Marvelman was a British superhero character created in the 1950's when England, for some reason, could no longer receive the Captain Marvel (most people from the 1970's on knew this character by the title Shazam when DC later published this character and because of Marvel couldn't have the title "Captain Marvel" on the cover of their comics) comic, so they created their own version of the character because it was such a huge selling title. I haven't read much of the original Marvelman comics from the 1950's but the ones I've read (and from what I know from reading about the genesis of the character in England), it was a total copy of Fawcett's Captain Marvel (Fawcett was the name of the company that published Captain Marvel until DC somehow won a lawsuit that established that their character was an infringement of their tent pole character, Superman). So Marvelman of the 1950's was a solid superhero comic, basically a good Captain Marvel comic until...
Sometime in the late 1950's the British Marvelman comic stopped being published and just vanished until the early 1980's when Alan Moore came on the scene and revived the character in the British comic anthology Warrior (the same comic magazine in which Moore first wrote V For Vendetta). Moore had done some smaller comic work before Marvelman and V For Vendetta in Warrior, but it wasn't until those strips appeared that he started raising eyebrows and landing the Swamp Thing writing gig, which was followed shortly thereafter by Watchmen. As Alan Moore is a genius (and I'm not saying this lightly), as he later did with Swamp Thing, he took the character of Marvelman to an entirely new level that raised the bar for the kind of stories that super hero comics could tell (while at the same time not just discarding everything about Marvelman's past stories). Then one day Warrior folded and we didn't see Marvelman again until...
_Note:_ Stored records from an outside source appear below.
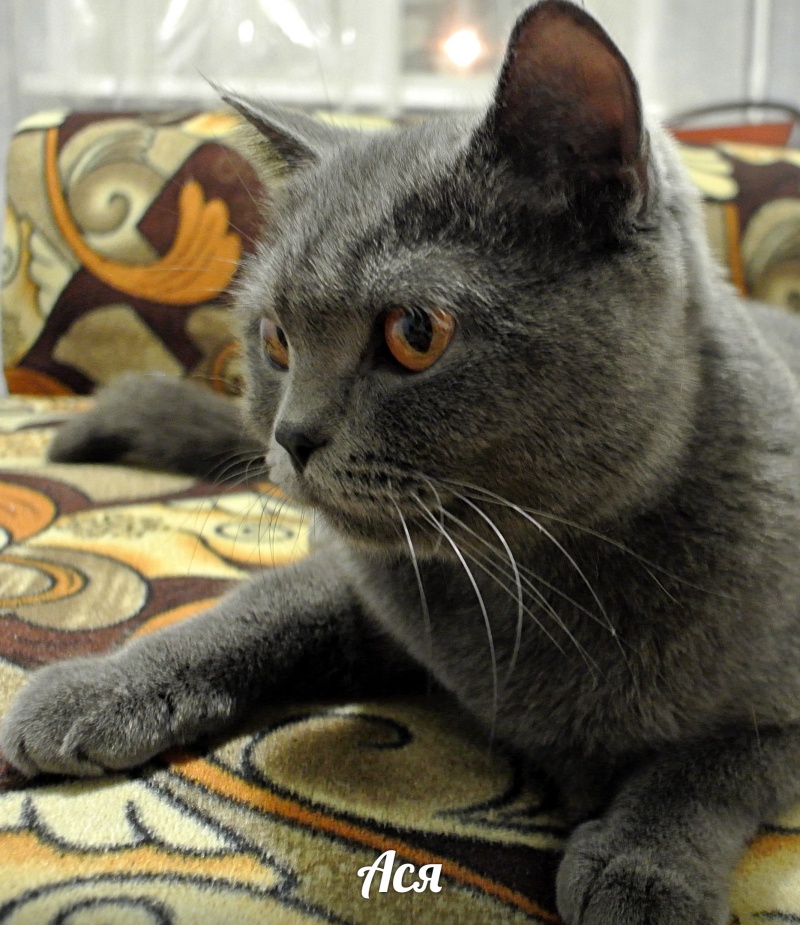 АСЯ – молодая кошка-британка 3-х лет, обладательница плюшевой шёрстки голубого окраса и выразительного взгляда. Как и полагается представительнице королевских кровей, она немного своенравна и любит сама решать, когда пришло время её погладить и поиграть. Тот, кто покорит её сердце, будет вознаграждён: Ася проявит своё внимание и потрётся об ноги, а ещё промурлычет что-нибудь на ушко
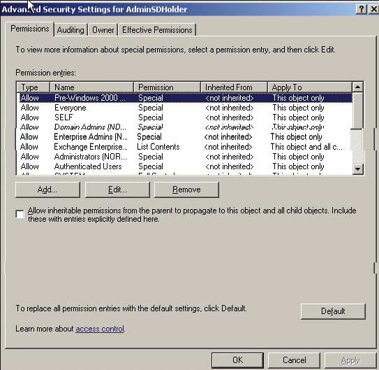 Вы можете изменить дескриптор безопасности, связанный с объектом AdminSDHolder, но я не советую этого делать. Имейте в виду, что после внесения изменений меняются все защищаемые пользователи и группы с новым дескриптором безопасности. Плохо спланированная конфигурация может превратить среду AD в мишень для всевозможных атак. К примеру, если вы предоставите членам группы Domain Users полную свободу действий в отношении объекта AdminSDHolder, это приведет к тому, что любой пользователь в домене будет иметь потенциальную возможность получить полномочия членов группы Domain Admins.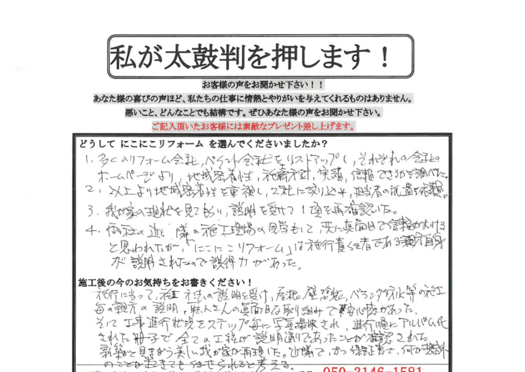 Q. どうしてにこにこリフォームを選んでくださいましたか?

...1985, when Eclipse became the new publisher of Marvelman. Except Marvel decreed that Eclipse couldn't call the character Marvelman anymore (even though the character was called that since about 1954 and Timely didn't become Marvel Comics until 1961) so they retitled the character Miracleman and Alan Moore even made the new name for the character make more sense for the character. Alan Moore wrote sixteen issues of Marvelman / Miracleman which have long been impossible to find in back issue bins (there was three trades collecting the Moore run, but those are even harder to find). After Eclipse (the comic company) folded, Miracleman once again lingered in publishing limbo and because several people claimed ownership (lots of reeeeeaaallly convoluted legalese), it looked like no one would ever again be able to have (or read) Moore's legendary Miracleman treatment until...
...today, when Marvel made the announcement that things have somehow been ironed out and now they will be publishing the character and he'll be called Marvelman again (as to how this is going to play with th way Moore reworked the character's name). I'm sure Alan Moore isn't super happy with the idea of Marvel publishing some of his work because he had some run-ins with previous managements after which he promised that he'd never work for Marvel, but I'm just glad that whole new generations of people will be able to read this amazing comic (and Moore will be paid, not that that is his primary beef). Seriously anyone who has read what Alan Moore did with Marvelman / Miracleman (especially book three, Olympus, with art master John Totleben) has never looked at superhero comics the same way - THEY ARE THAT GOOD! The above cover is from the ultra rare Miracleman #15 (art by John Totleben). I'm going to guess that by the end of this year or early 2010 we'll see Marvel's Marvelman and then new readers will see what all of the fuss over this seminal comic is about. Snoopy Dance time!
3 comments:
I was wondering whether Marvel would be more interested in reprinting the Moore run than making new stories. As I remember it, Moore didn't like the idea of re-dubbing the character Miracleman for American audiences. That said, I also imagine that he won't be particularly enthused.
For my part, I'll be glad to see new editions of the classic Moore run. I own and have read it all as singles, but I never found a TPB copy of Olympus that I could afford. If anything, that a new generation of readers may be able to get their hands on these books, and the conversations I can have afterward are a pleasant consideration.
Nobody in their right mind, whether they know it or not, would want new MM stories before reading the Moore stories.
Have a great weekend Ron and Bev!
Ralph, you ARE the eternal optimist. That's one of the reasons I like you so much.
I've read little from Marvel over the last 35 years that would give me any reason to get this right. Yes. I am a cynic.